### Exercise details
In the entries that follow, find the line containing "2. The Cookie" and the line containing "Fashion Simply Solid", then retype exactly the lines from the first through the second, pictures excluded.
[Data for review Boundary: Start]
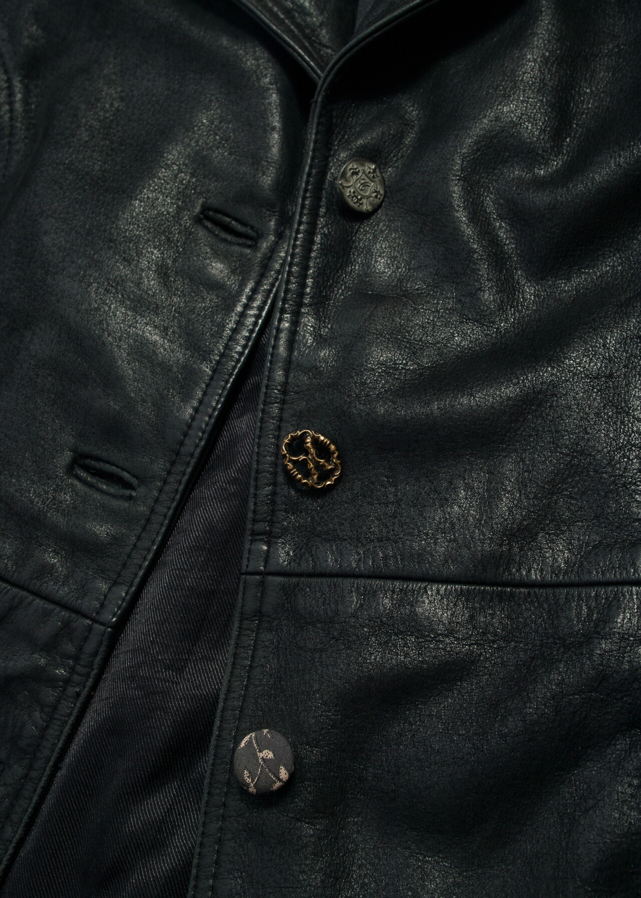 This Y2K vintage coat is a chunky, upcycled masterpiece with mismatched vintage buttons that scream mid 2000s vibes. A real leather blazer cut jacket that’s as iconic as your old flip phone and twice as cool.
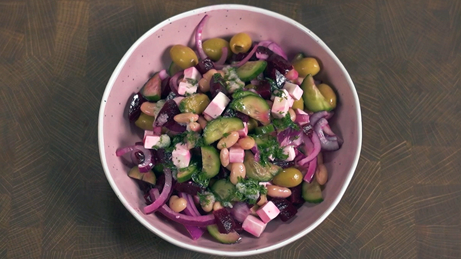 Приготовьте сытный и невероятно красивый салат из красного лука, свёклы, консервированной фасоли, оливок и сыра фета с добавлением ароматной заправки.
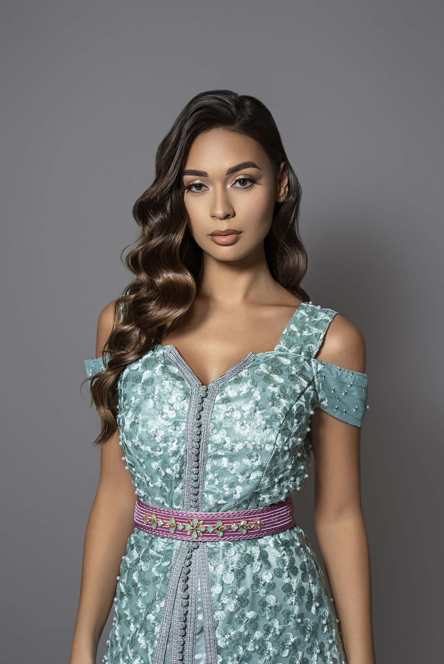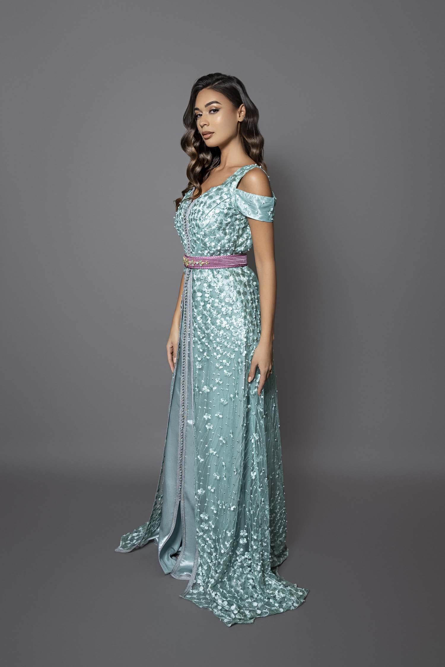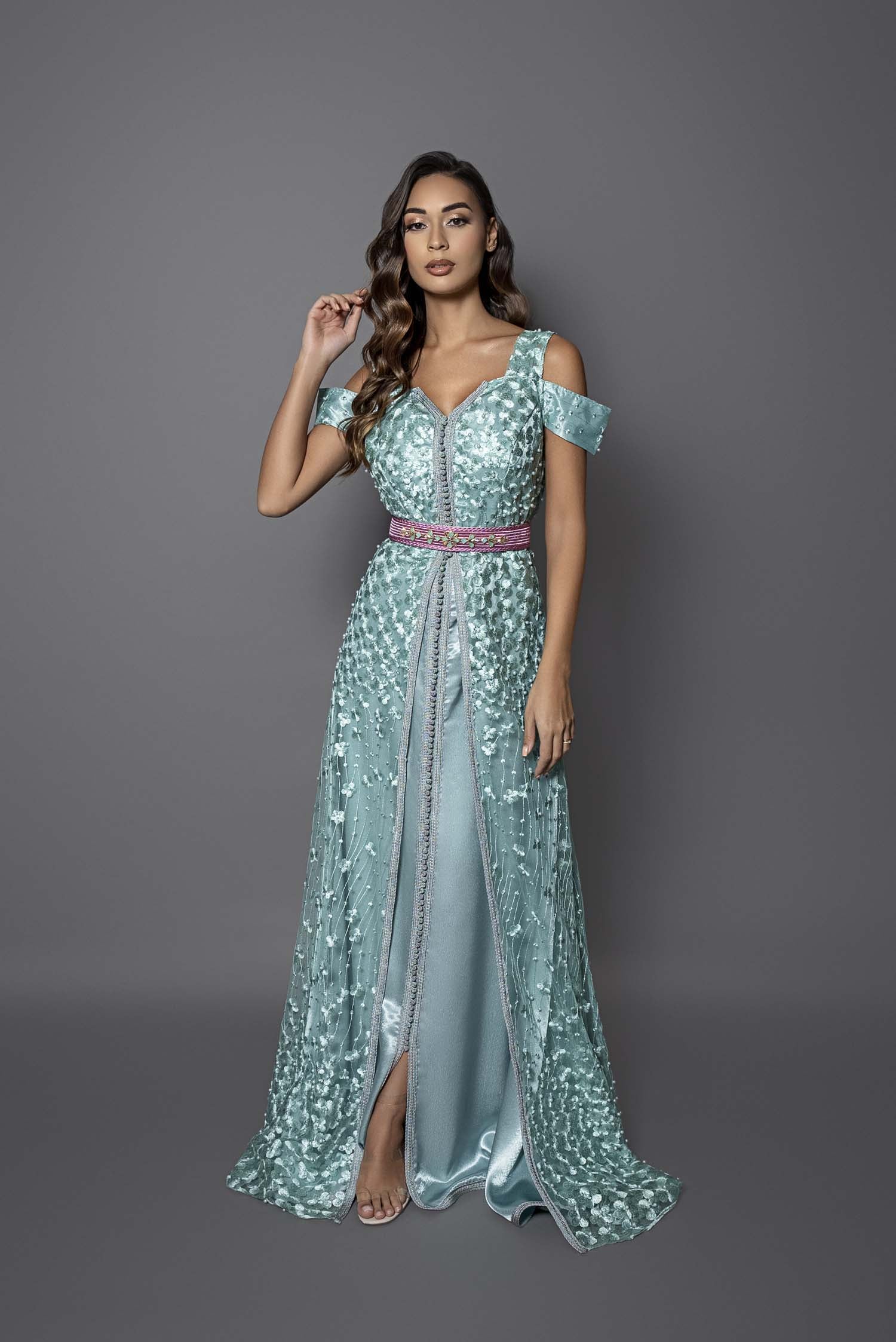 Ce caftan moderne en dentelle vert d'eau et satin de soie sublime vos épaules grâce à une découpe audacieuse et originale. Sa silhouette cintrée, rehaussée d’une ceinture rose en fil de soie ornée de pierres bijoux, allie élégance et modernité. Minimaliste et chic, cette takchita révèle votre allure avec une touche de sophistication artisanale marocaine, parfaite pour un look stylé et sans compromis.
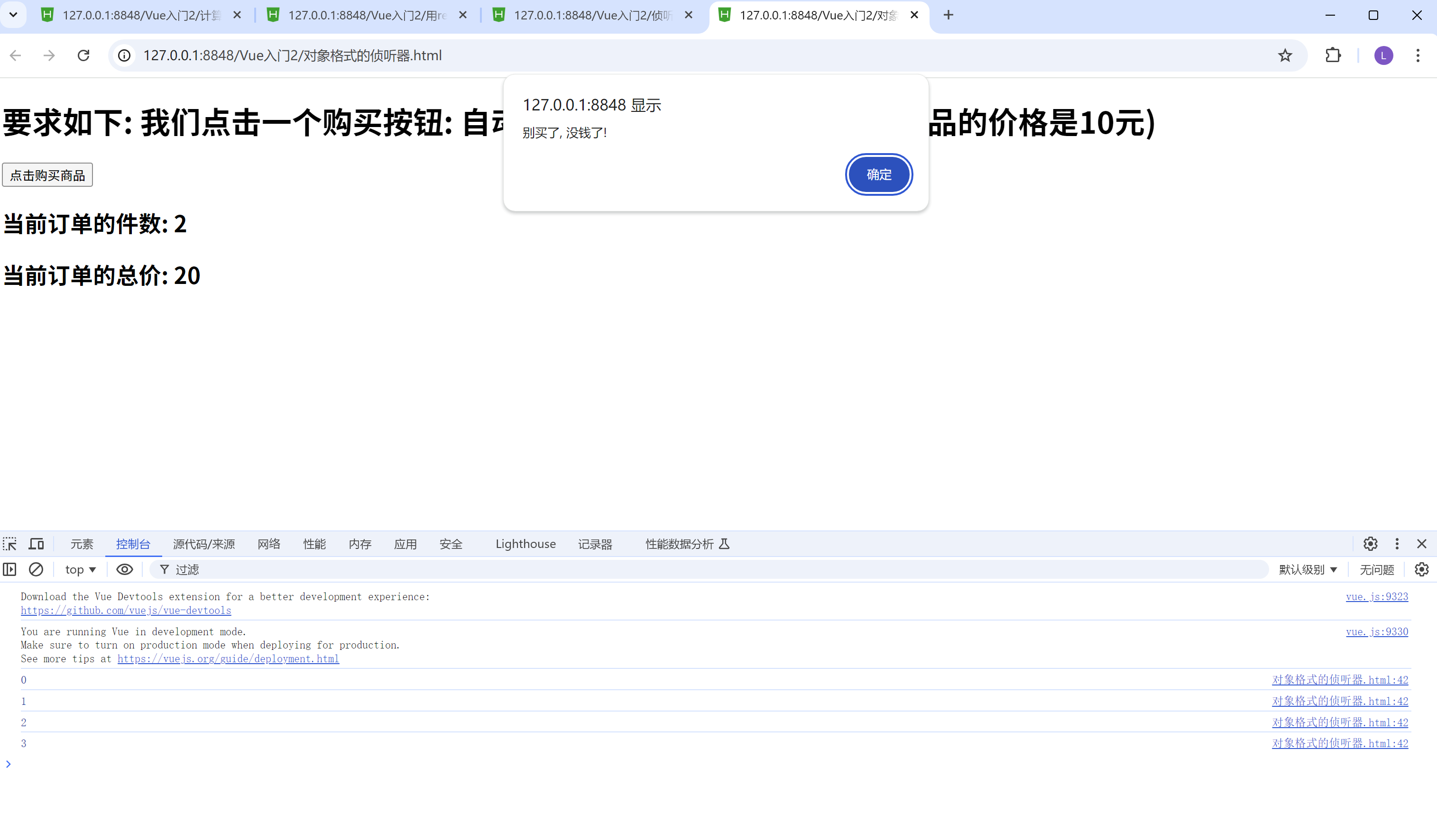 // 比如 当我的新值 购买数量 等于3 我就可以弹出一个提示框 没钱了 别买了
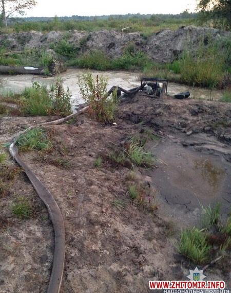 Парубків, які за допомогою мотопомпи намагалися видобувати сонячне каміння у лісовому масиві Олевщини, 4 липня затримали поліцейські рейдувальники. З незаконної копальні вилучене старательське приладдя.
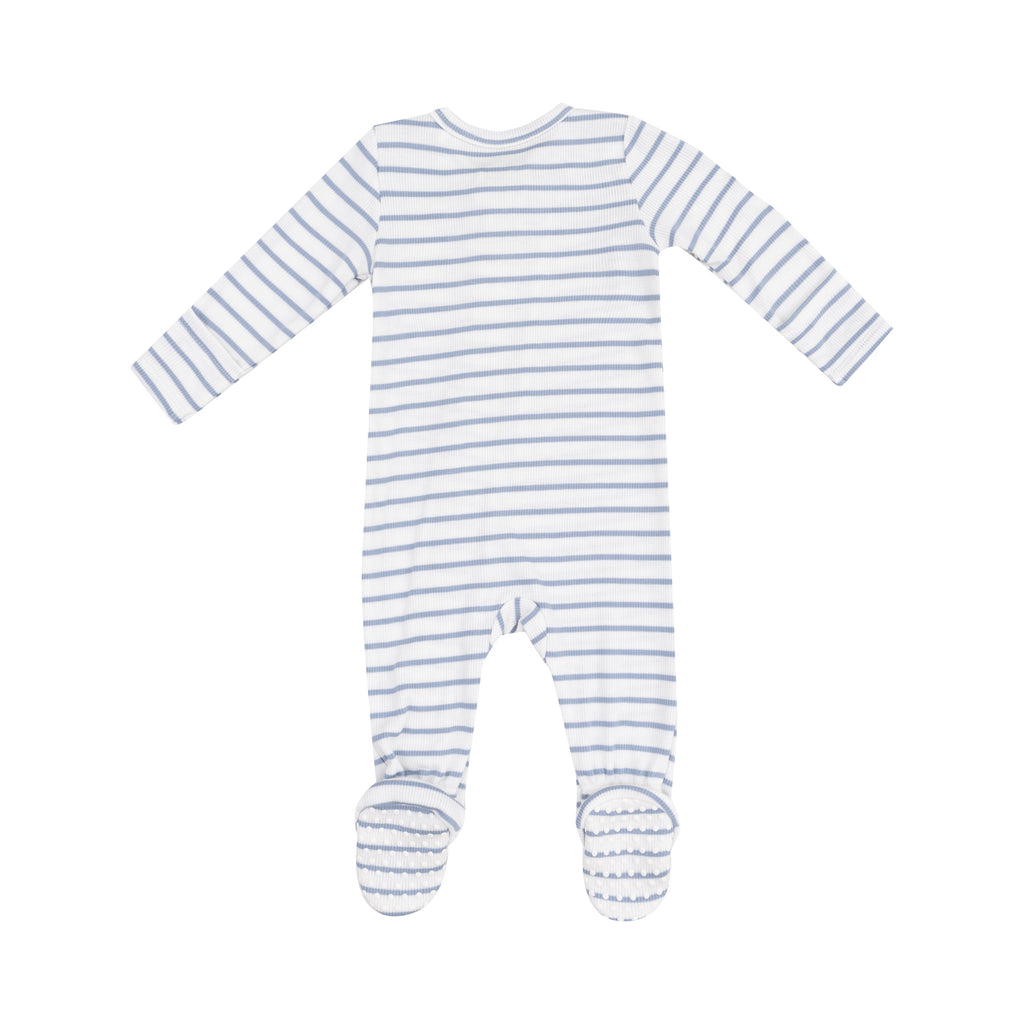 French Stripe Dusty Blue 2-Way Zipper Footie
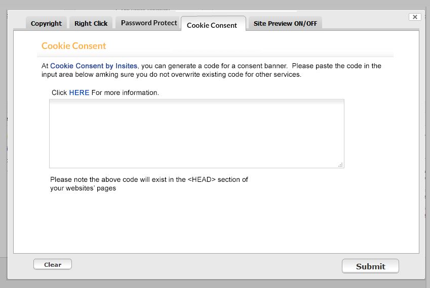 2. The Cookie Consent Option loads a popup window that looks like this:
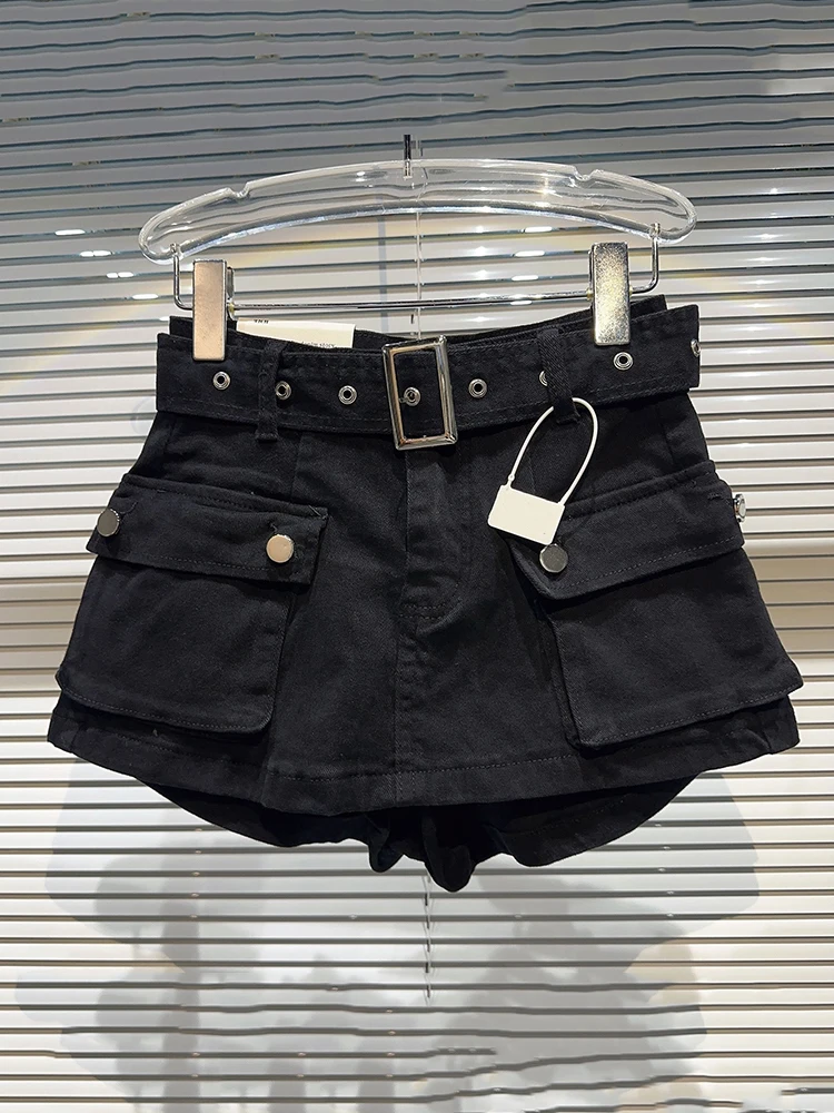 Fashion Simply Solid Color Belt Waist Shorts For Women Summer New Casual High Waist Mini Shorts Skirts Female
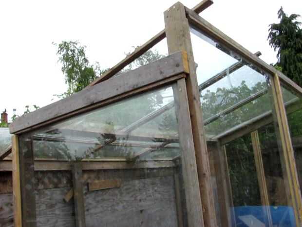 Lo único que he comprado este invernadero fue la silicona al poner el cristal en marcos y los tornillos para unir la madera. Todo lo demás, tenía en el sitio y estaba decidido a utilizar. El vidrio era 4 pies por 6 pies, 5 hojas y mi madera que podía hacer 2 cuadros grandes y uno pequeño. El vidrio fue tan fuerte que temía inclinó las piezas grandes, podría caer como he trabajado con él. Tenía la forma inusual que alinearon con la valla en el lado. Una vez que lo pongo en bloques para mantener fuera de la tierra, era bastante alto en la parte delantera. Lean a era la única solución.!
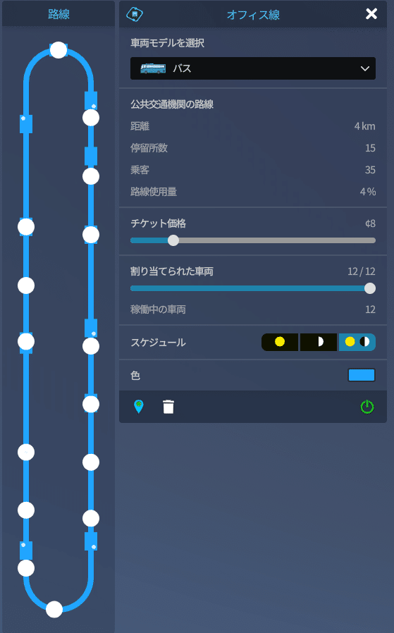 左側の丸いのが停留所、四角いのが車両で、車両の中にある白い丸は容量の使用量を6段階で表示されています。
[Data for review Boundary: End]
### Answer section
 2. The Cookie Consent Option loads a popup window that looks like this:
 Fashion Simply Solid Color Belt Waist Shorts For Women Summer New Casual High Waist Mini Shorts Skirts Female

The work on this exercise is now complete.